Problem statement -> Output, word for word, each line from the one with "L'Oasis Source de" through the end of the listing below, excluding every picture.
(The data Opens)
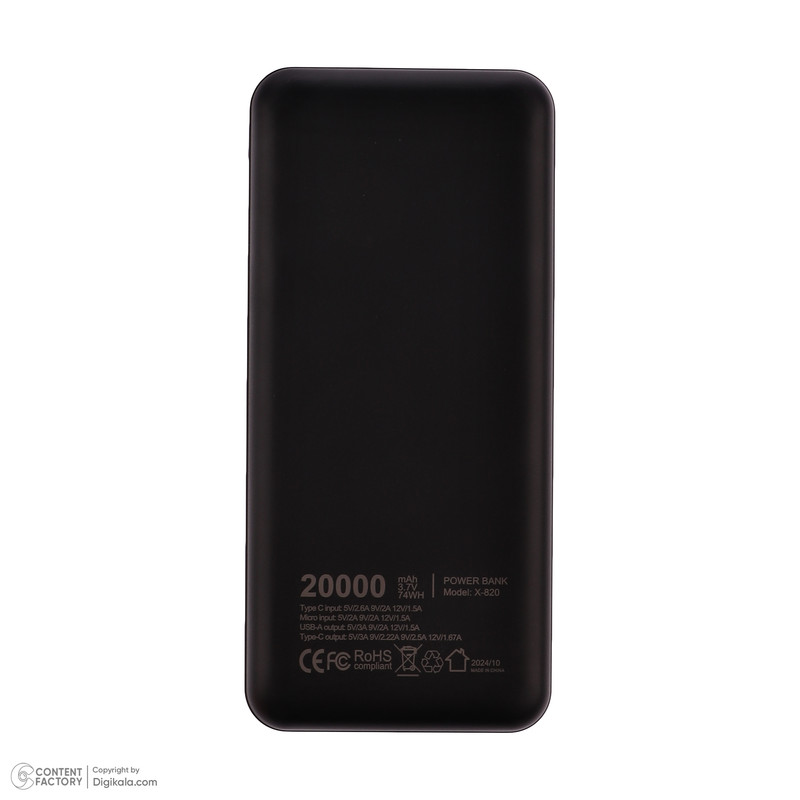 پاوربانک ایکس انرژی مدل X-820 22.5W ظرفیت 20000 میلی آمپر ساعت
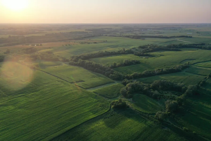 The property is part of a nearly 1,900-acre section with no interior roads, providing a perfect blend of crop ground, timber, native grasses, and meandering creeks. Located in the heart of this expansive section and set back from the road, the farm offers whitetails a safe and secluded environment. Despite its size, the 87-acre m/l farm boasts 3 miles of timber edge running east-west and north-south, allowing for versatile hunting setups and natural funnels. The diverse mix of mature timber, brush, and cedar thickets creates optimal wildlife habitats, with ideal locations for food plots. The deer sign and traffic on this farm are truly remarkable.
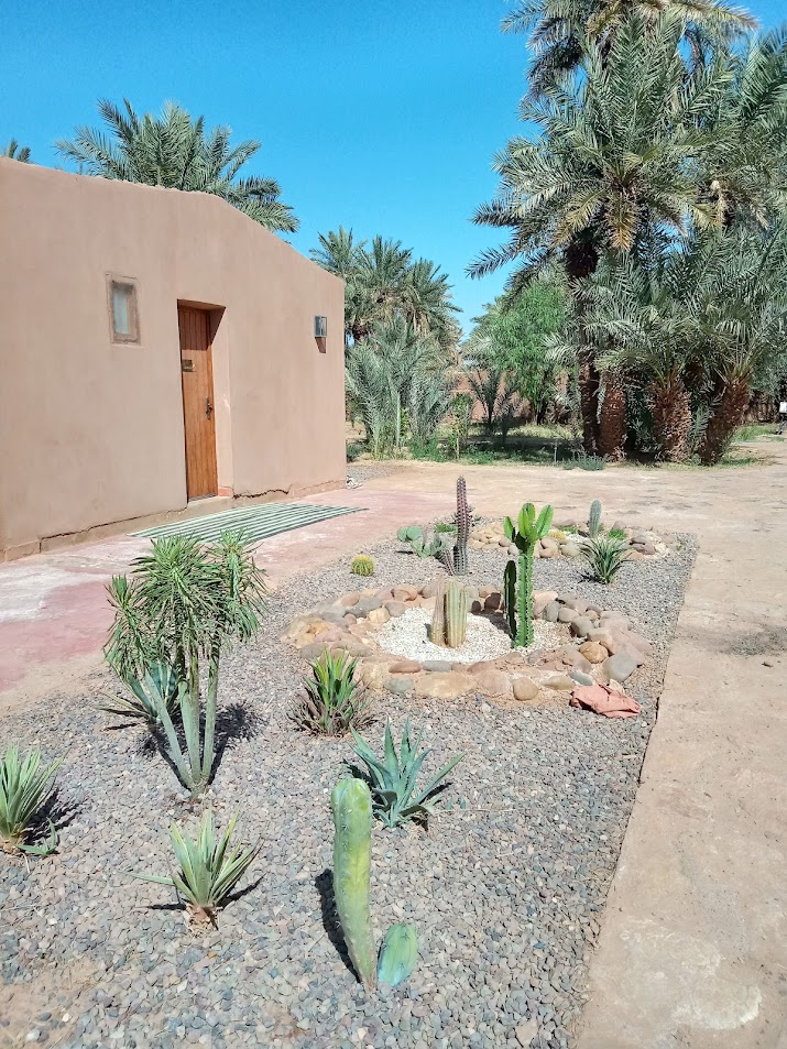 L'Oasis Source de Vie est l'oeuvre de Madani, enfant du désert et de Marie. Ce lieu est né d’un désir profond de renouer avec les traditions ancestrales et de préserver l’environnement fragile du désert. Les habitations sont construites en utilisant au maximum les techniques traditionnelles et les matériaux présents sur place. Aux portes du Sahara vous aurez pour horizon le commencement de l'immensité du désert, vous pourrez chaque soir y admirer le coucher du soleil.
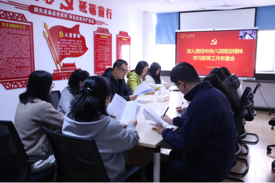 党总支在毅字楼205会议室召开深入贯彻中央八项规定精神学习教育工作布置会,对学院开展学习教育进行工作部署。学院党总支书记闫伟、教工党支部书记、办公室各业务口负责人等参加会议。会议由学院党总支书记闫伟主持。
(The data Closes)
Response to the exercise ->
 L'Oasis Source de Vie est l'oeuvre de Madani, enfant du désert et de Marie. Ce lieu est né d’un désir profond de renouer avec les traditions ancestrales et de préserver l’environnement fragile du désert. Les habitations sont construites en utilisant au maximum les techniques traditionnelles et les matériaux présents sur place. Aux portes du Sahara vous aurez pour horizon le commencement de l'immensité du désert, vous pourrez chaque soir y admirer le coucher du soleil.
 党总支在毅字楼205会议室召开深入贯彻中央八项规定精神学习教育工作布置会,对学院开展学习教育进行工作部署。学院党总支书记闫伟、教工党支部书记、办公室各业务口负责人等参加会议。会议由学院党总支书记闫伟主持。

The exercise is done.